Les réfugiés dont on parle de moins en moins

Faute d’information, on pourrait croire que l’afflux des réfugiés vers l’Europe a été finalement stoppé et que les portes de l’Europe sont désormais bien gardées. Mais ce n’est pas le cas selon l’agence Frontex, qui évalue les franchissements illégaux à encore 204.219 passages en 2017, contre 511.074 en 2016 et 1,8 millions en 2015.

La diminution est forte, mais l’exode n’est pas interrompu en dépit de tous les moyens mis en œuvre. En Turquie en premier lieu, puis en Libye. Quand ils parviennent enfin en Europe à la suite d’un périple éprouvant, pour les plus chanceux d’entre eux, les réfugiés se retrouvent bloqués en Grèce et en Italie. Afin d’atteindre l’Espagne, une nouvelle route a été ouverte au départ du Maroc. L’exode est trop déterminé pour être contenu.

La Turquie, le Liban et la Jordanie accueillent des centaines de milliers de réfugiés, parfois dans des camps de toile qui sont de véritables villes par leurs dimensions, souvent dans des conditions plus que précaires faute de financements adéquats de la part des organisations internationales et des ONG. Ces réfugiés font désormais face à un nouveau risque, dénoncé par Care International, celui d’être « poussés à retourner en Syrie dès cette année, en dépit de la poursuite des violences », n’ayant plus l’espoir de rejoindre l’Europe et parqués sans en voir la fin dans des conditions précaires. Ils ont été 721.000 dans ce cas l’année dernière, alors que les conditions de vie des civils en Syrie sont « plus effroyables que jamais », selon le Haut-Commissaire des Nations unies pour les réfugiés (HCR) Filippo Grandi.

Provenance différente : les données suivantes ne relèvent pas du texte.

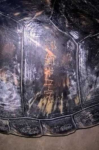 Về các ký tự được khắc trên mai rùa, một nhà ngôn ngữ học cho hay phiên âm Hán Việt là “Trịnh tân cử bình an”, có thể hiểu là một người họ Trịnh bắt được rùa biển, khắc chữ vào mai rùa rồi phóng sinh nhằm cầu may mắn, bình an, thuận lợi.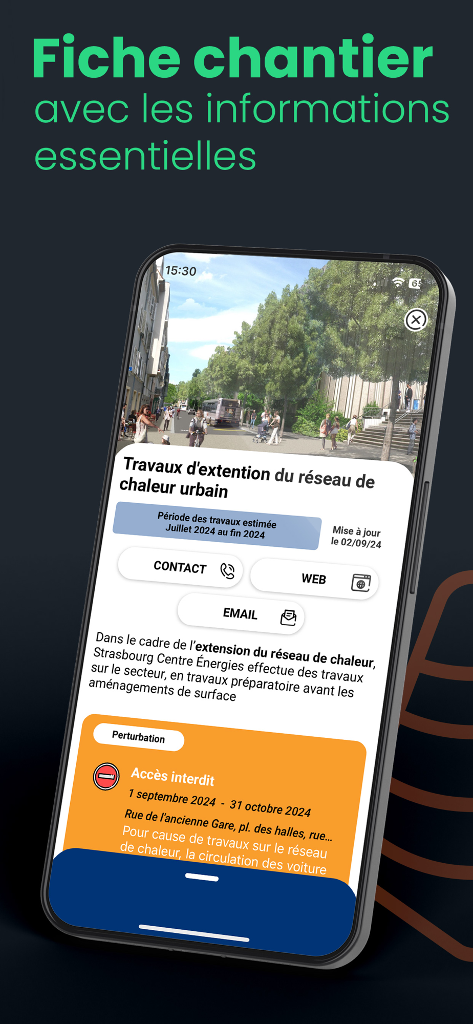 L'application Chantiers Eurométropole permet aux usagers d'être informés sur les travaux impactant réalisés sur le territoire de l'Eurométropole de Strasbourg. Les informations sont mises à disposition par les fiches chantiers disponibles dans l'application. La création d'un compte permet à l'utilisateur d'être informé des évolutions du chantier, de ses impacts et de ses bénéfices. Cela lui permettra également de recevoir des informations ciblées sur les chantiers qui l'intéressent par le biais de notifications.
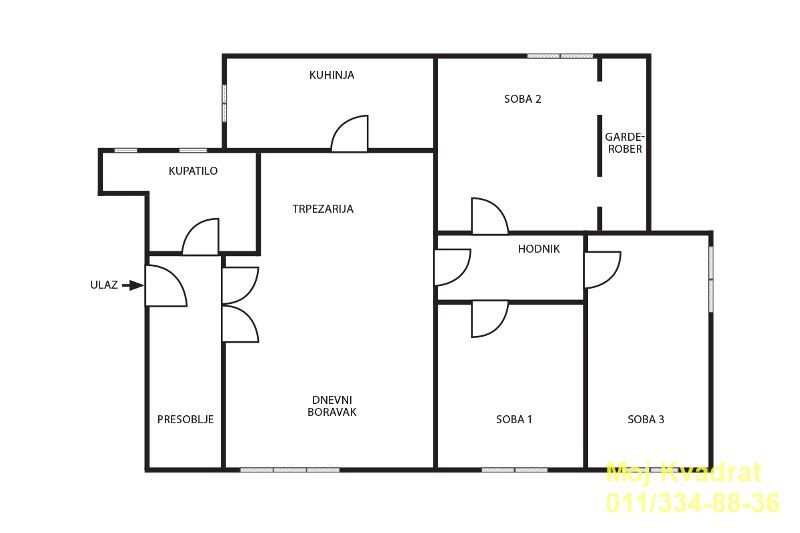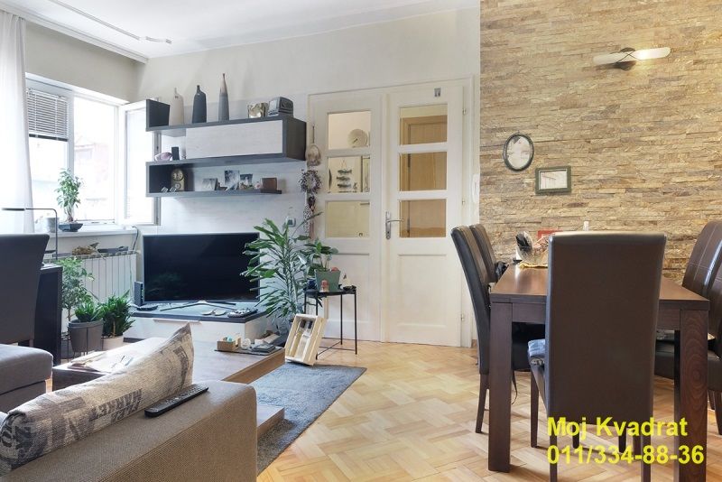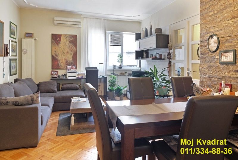 Prostorije: komotno predsoblja iz kog se levo ulazi u kupatilo, a pravo u dnevnu sobu i trpezariju, kuhinja je izdvojena (nova), kupatilo, spavaći blok sa tri spavaće sobe odvojen hodnikom. Najveća soba ima zazidan prostor za odlaganje odeće.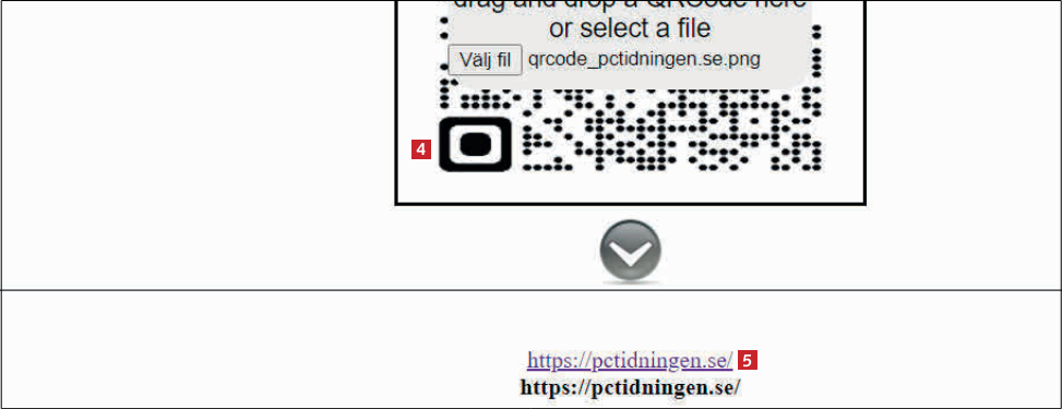 QR-koden 4 visas i Webqr. Under den visas adressen till hemsidan 5 som koden leder till. Klicka på länken för att komma till sidan.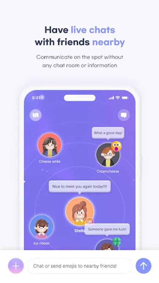 - You can easily talk to people around you on the spot without having to share your contacts.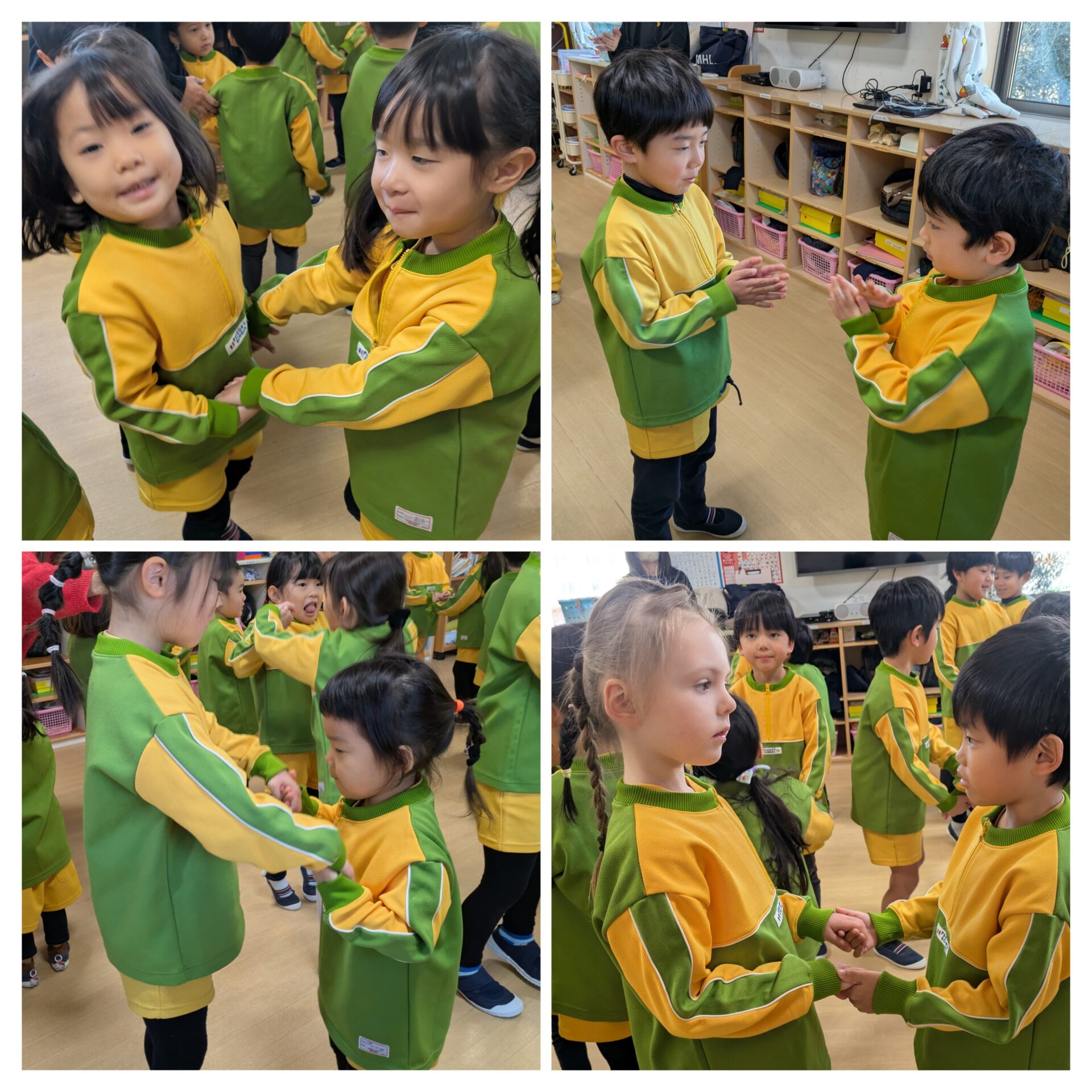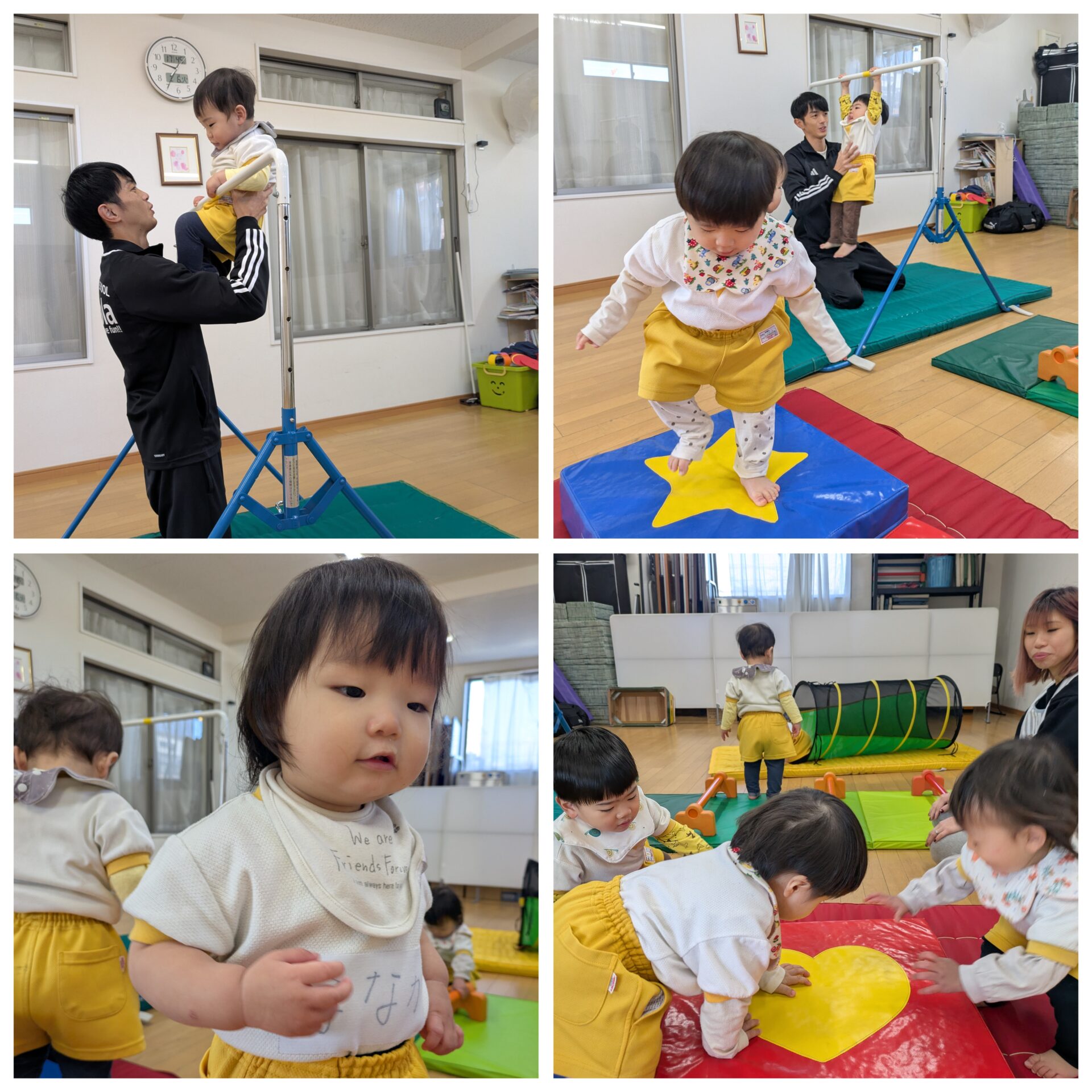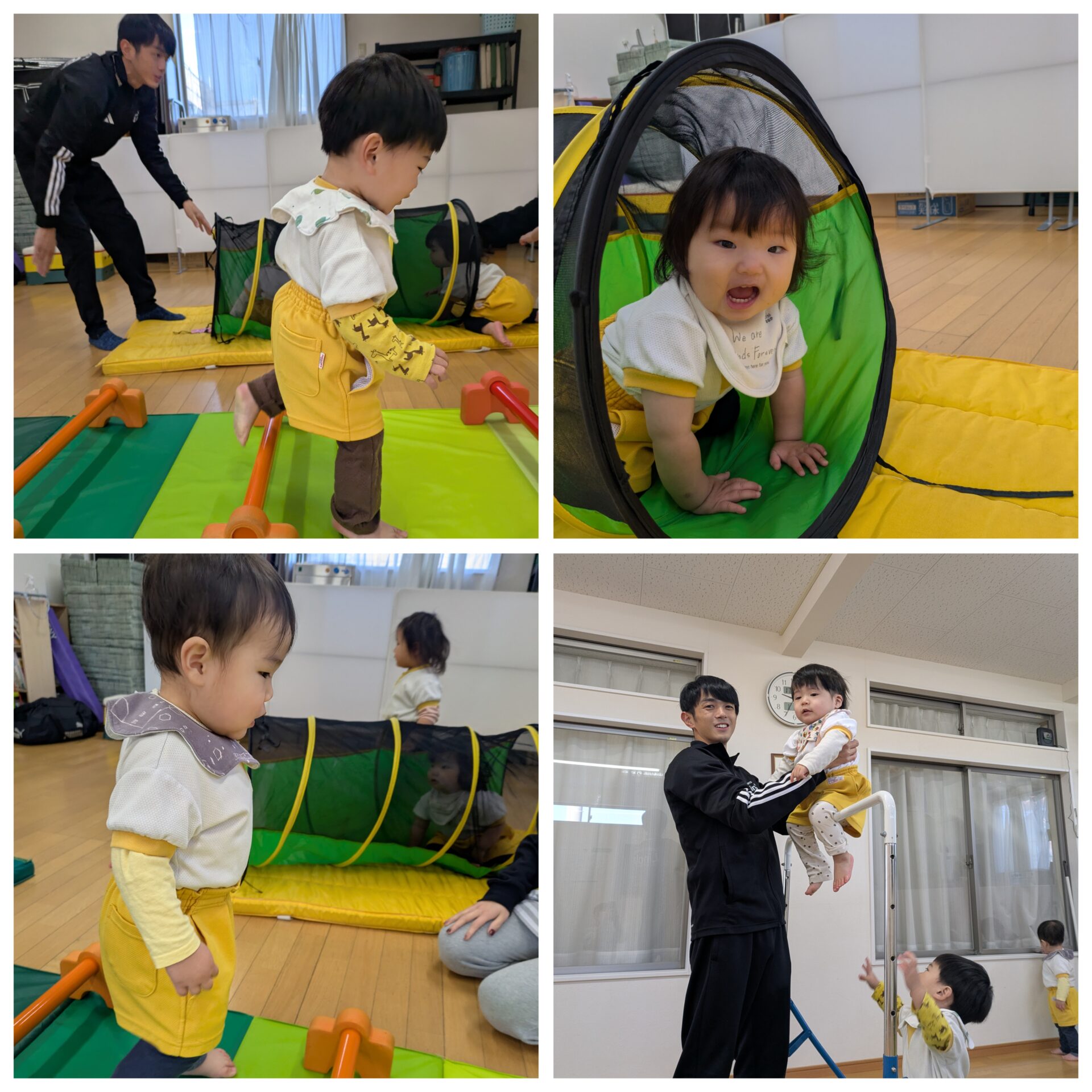 今日はふじ組、ゆり組と一緒に遊びました😊お兄さん、お姉さんたちと2人組になり嬉しそうなうめ組さんでした❤️ そして、たこ作りにも挑戦しました😊

Et puis il y a les déplacés, ceux qui ont fui leur ville, leur village ou leur terre à cause de la guerre et de la famine et qui cherchent refuge à l’intérieur du pays. Ils seraient dix millions sur une population de 22 millions d’habitants. Militairement actifs en Syrie afin de combattre les milices kurdes, les autorités turques préparent des camps d’une capacité d’accueil de 170.000 personnes à l’intérieur du pays, destinés aux déplacés, dans la province d’Idleb où elles interviennent, afin de les y fixer et d’éviter qu’ils rejoignent la Turquie où ils sont déjà plusieurs millions.

En Syrie, les ONG ont enfin obtenu le passage d’une aide médicale et alimentaire en faveur d’un camp où des milliers de réfugiés syriens s’étaient regroupés d’eux-mêmes, bordant la frontière nord de la Jordanie qu’ils ne peuvent rejoindre, l’armée jordanienne s’obstinant à la tenir fermée de crainte d’infiltrations des combattants djihadistes.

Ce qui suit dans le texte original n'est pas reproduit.